Ceux qui financent, qui « sponsorisent », qui protègent, qui donnent les moyens de travailler à une belle cause, ont un pouvoir. Et la grande tentation, c'est donc de respecter les règles imposées par ceux qui ont ce pouvoir, pour que cette belle cause continue de profiter de leur appui, c'est de ne pas les contrarier ni les déranger. Même sans profit personnel, sauf quelques honneurs peut-être. Tout le monde n'est pas l'Abbé Pierre, qui engueulait le plus ceux qui lui donnaient les plus gros chèques !

    Cette tentation-là, je crois qu'elle a habité Jésus de Nazareth, de sa sortie de l'anonymat jusqu'à sa mort. Elle est résumée dans les récits de tentation que les évangiles placent au désert, au début de sa mission : « Si tu reconnais mon autorité, si tu acceptes mes règles, si tu acceptes les règles de ce monde, si tu te coules dans le moule, alors tu pourras faire tout le bien que tu veux : nourrir les foules en transformant les pierres en pains, guérir tous les souffrants, subjuguer tout le monde par des prodiges... le monde sera à toi », dit en quelque sorte le Tentateur.
Ce tentateur, je crois que Jésus l'a rencontré en face de lui dans les foules malheureuses avides de miracles et de revanches, dans sa popularité, dans ses disciples qui se portaient candidats à de bonnes places, et quand s'approchait l'heure des grands affrontements et de la souffrance, que nous rappelons au cours de la « semaine sainte ».
La tentation de faire triompher son message et d'appliquer son programme à la manière de ce monde, par une révolution qui remplace les autorités en place. Certes on aurait vaincu des pouvoirs civils et religieux oppresseurs, et on les aurait remplacés par des hommes neufs (les disciples). On les aurait remplacés, justement ! C'est-à-dire qu'on aurait vite employé les mêmes moyens qu'eux : la violence morale, matérielle et physique, le spectacle, la soumission... C'est comme cela que tous les révolutionnaires de ce monde ont fini. Tous. Parce que, même pour de justes et nobles causes (quand elles l'étaient), même pour tout changer, ils se sont soumis à ce qui ne change pas, à ce qui est tapi au fond de la nature humaine, et ils l'ont utilisé : la soif de pouvoir et la violence des frustrations refoulées.

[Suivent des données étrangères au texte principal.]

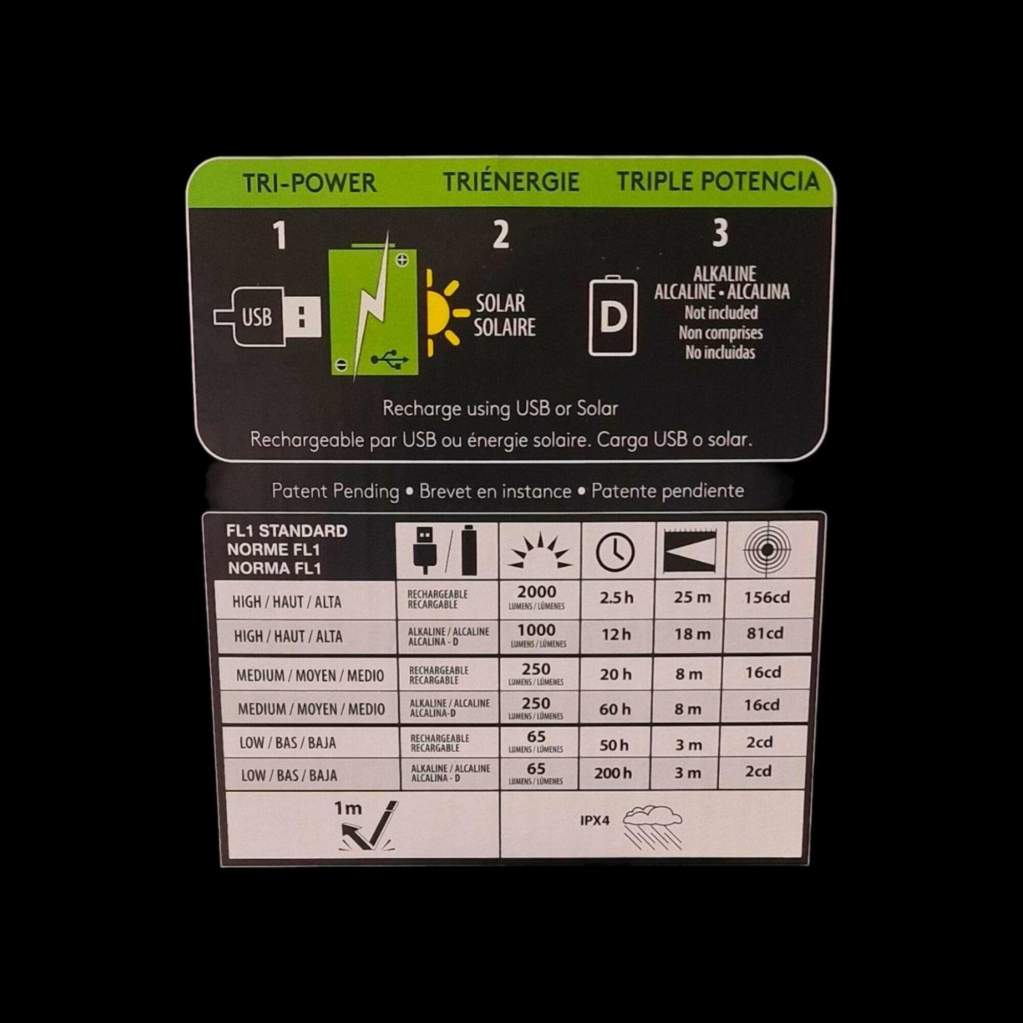 最大2000ルーメンで明るさは3段階で調節可能 キャンプや登山などのアウトドアから停電や災害などの非常時にも 使用シーンを選ばない防雨構造と1mの落下耐久 ソーラー充電内蔵リチウム電池乾電池USB充電・給電のハイブリッド電源方式を採用 USB充電式で繰り返し使用でき単1乾電池も併用することで長時間の使用が可能 電源のない環境でも充電できるソーラーパネル付き スマートフォンなどへの充電が可能なUSB出力ポート付き

    Pas Jésus. Il n'a pas vendu son âme, il n'a pas vendu son être, il n'a pas perdu sa vraie raison d'être. Il était « irrécupérable » et c'est pourquoi il a été éliminé. C'est pourquoi aussi, par souci d'efficacité, il arrive que les chrétiens et les Églises l'écartent doucement, avec beaucoup de piété (sincère !).
La croix n'est pas un appel à renoncer aux belles causes. Elle est un appel à croire que les belles causes peuvent être servies et même réussir par d'autres moyens que ceux qui semblent les plus évidents, les plus efficaces, les plus rapides, les plus faciles, les plus spectaculaires, les plus attirants, les plus admis selon les règles de ce monde, et donc à « crucifier » ces derniers.
Et quand nous prions pour les gens qui ont dans ce monde une autorité morale, intellectuelle, politique, spirituelle, voire financière, le plus nécessaire n'est peut-être pas de prier pour ceux qui ont choisi la grosse crapulerie ou l'ignominie, mais pour ceux qui sont tentés de faire le bien en fermant les yeux et la bouche sur la crapulerie et l'ignominie, sous prétexte que la fin justifie les moyens.